UW junior selected as student likely to "make a difference"
Alula Asfaw, a University of Washington junior, is one of 65 students in the country selected as a Truman Scholar, on the basis of his leadership potential, intellectual ability the likelihood of “making a difference.”
Each scholarship provides $30,000 for graduate study.
Asfaw was born in Addis Ababa, Ethiopia in 1985. His parents sent him to the United States shortly after his sixth birthday to live with his older brother and to protect him from the dangers of war in his home country. He attended both Cleveland and Highline high schools. Asfaw knew at an early age that he wanted to pursue a career of public service; he says his activities were “more than inspired” by the career path of President Bill Clinton.

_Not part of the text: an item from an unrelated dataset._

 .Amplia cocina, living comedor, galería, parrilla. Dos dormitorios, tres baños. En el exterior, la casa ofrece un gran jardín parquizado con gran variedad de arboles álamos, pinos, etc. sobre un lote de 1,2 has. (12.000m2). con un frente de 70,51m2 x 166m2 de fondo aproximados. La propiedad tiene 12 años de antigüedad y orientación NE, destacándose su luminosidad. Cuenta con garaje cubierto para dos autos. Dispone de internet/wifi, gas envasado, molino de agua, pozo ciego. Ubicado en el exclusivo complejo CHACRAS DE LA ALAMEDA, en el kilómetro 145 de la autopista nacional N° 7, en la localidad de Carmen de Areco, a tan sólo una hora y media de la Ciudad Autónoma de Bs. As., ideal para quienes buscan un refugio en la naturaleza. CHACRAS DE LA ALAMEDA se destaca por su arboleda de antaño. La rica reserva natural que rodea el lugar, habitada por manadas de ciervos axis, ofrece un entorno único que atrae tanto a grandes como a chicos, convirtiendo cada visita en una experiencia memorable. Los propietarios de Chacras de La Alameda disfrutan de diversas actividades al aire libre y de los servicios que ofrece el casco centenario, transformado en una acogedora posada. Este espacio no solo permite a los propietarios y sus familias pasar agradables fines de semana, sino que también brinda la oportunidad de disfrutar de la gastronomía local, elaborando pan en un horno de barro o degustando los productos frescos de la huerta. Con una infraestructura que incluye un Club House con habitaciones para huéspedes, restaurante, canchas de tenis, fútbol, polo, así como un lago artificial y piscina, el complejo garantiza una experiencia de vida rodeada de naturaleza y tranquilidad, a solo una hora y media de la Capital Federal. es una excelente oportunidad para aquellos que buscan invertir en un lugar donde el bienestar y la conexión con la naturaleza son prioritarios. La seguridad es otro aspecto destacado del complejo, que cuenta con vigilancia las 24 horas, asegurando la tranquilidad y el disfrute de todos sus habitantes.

As a University of Washington student, he became conscious of what he called “survivor’s guilt” when he realized that very few of his high school classmates were attending college. “Not enough had guidance on why they should think about college. Few had parents who went to college,” he said.
On his own, Asfaw developed a proposal for addressing this problem. He proposed that the UW create an undergraduate class that explored the relationship between educational opportunity and social mobility. The class would meet every other week. On alternate weeks the students in the class would go to one of the region’s high schools and help students there through the college application process.

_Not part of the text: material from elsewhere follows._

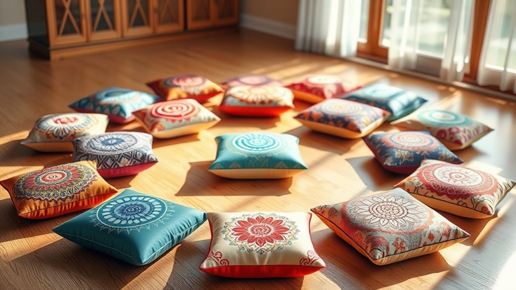 We’ve gathered the 15 best meditation cushions for 2025, focusing on comfort, support, and style. These cushions feature adjustable fillings like buckwheat hulls or memory foam, eco-friendly covers, and ergonomic designs that promote proper posture during sessions. Whether you prefer bohemian patterns, vibrant colors, or traditional styles, there’s a perfect option for everyone. Keep exploring to find out which cushion best supports your practice and fits your decor.

Asfaw brought the proposal to the UW administration, which assisted Asfaw in developing what he called the Dream Project. Stan Chernikoff, principal lecturer in earth and space sciences, agreed to teach the class; Ed Taylor, who at that time was associate professor of education and is now vice provost and dean of undergraduate academic affairs, gave Asfaw advice about how to make the project work.
Asfaw recruited students for the class, which is now in its second year. It will be serving more than 200 students from six area high schools; 58 UW students are enrolled in the class. Asfaw is seeking additional funding to sustain the program over the long term.
Asfaw plans to pursue two degrees, a doctorate and a law degree, to enable him to pursue his public service activities at a higher level.